QoL studies with cancer patients have revealed a typical pattern of response: While patients report detriments in many specific domains, they nevertheless rate their general health state and their general QoL as being relatively good (Arndt, Merx, Stegmaier, Ziegler, & Brenner, 2005; Hinz, Mehnert et al., 2017). This indicates that response shift effects occur with greater magnitude when general assessments of a patient’s health state are studied. If patients indeed change their frames of reference when responding to questions concerning health, this should result in changes in their responses to the vignettes, assuming that the patients apply the same scales to themselves as they do to the vignettes (principle of response homogeneity). The hypothesis is that people experiencing a severe disease will rate vignette characters’ health states as being less problematic than people in the general population will. If this was really true, the difference between the assessments of their own health state and that of the vignette characters should provide additional information on the patient’s health state. A second hypothesis, also derived from the hypothesis of response shift, is that those patients who are in a poor health will assess the vignette characters as being in better health than patients in a good health will. This should result in a negative correlation between the assessment of a respondent’s own health and that of the vignette characters. In our study we intend to examine whether such a negative correlation does exist, and whether there are age and gender differences in the assessments of the vignettes.
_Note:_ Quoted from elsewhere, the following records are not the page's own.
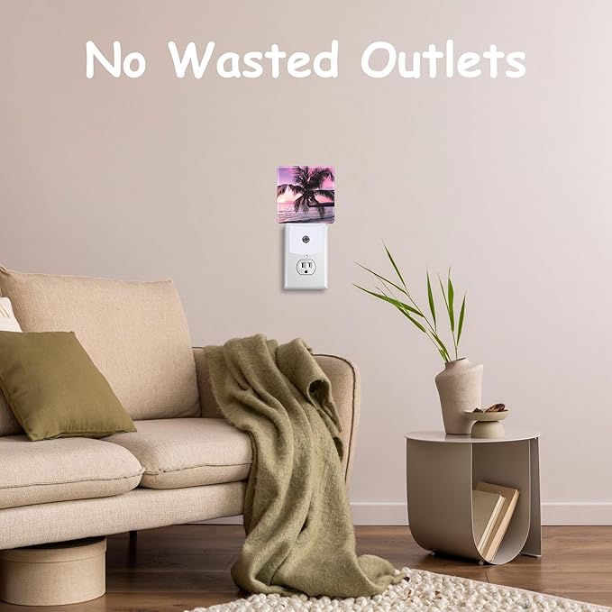 - Reliable Materials:Made of high-quality plastic and premium LED light source,the Purple Sunset with Palm Tree plug night light is durable and long-lasting.This plug-in night light,which is smaller than your hand,can be flexibly inserted into a socket for use.Its compact appearance saves space and does not affect the use of other devices
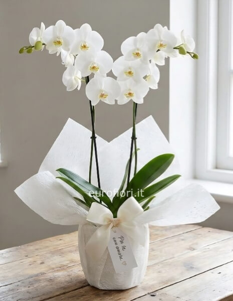 / Pianta orchidea phalenopsis bianca a 2 rami
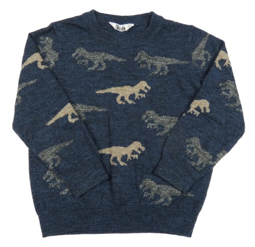 Tmavomodrý melírovaný svetr s dinosaury M&Co

Most of the studies that have been conducted using vignettes are cross-sectional studies. If an examination includes at least two measurements per person, it is possible to examine whether a change of the personal health state from t1 to t2 is negatively correlated with a corresponding change of the assessments of a vignette. Here we intend to test the hypothesis that an improvement in a person’s health situation results in a complementary change in the person’s frame of reference, and, therefore, more negative assessments of the vignette than before. In addition to that, the temporal stability of the vignettes’ evaluations is a matter of interest which has yet to be analyzed. Finally, to better understand the factors’ contribution to changes in the patients’ frames of reference, it is instructive to explore to what degree the tendency to change the frame of reference is related to variables of mental health and QoL.
In summary, the aims of this study were (a) to compare the self-assessed health state of patients with the assessments obtained in the general population, (b) to test the impact of several factors (patients vs. general population, sociodemographic factors) on the assessments of the anchoring vignettes, (c) to test the correlation between the respondents’ health states and those attributed to the vignettes, (d) to examine the temporal stability and the intra-individual relationship between self-rated health and the assessments of the vignettes, and (e) to analyze the relationship between the assessments of the vignettes and QoL variables.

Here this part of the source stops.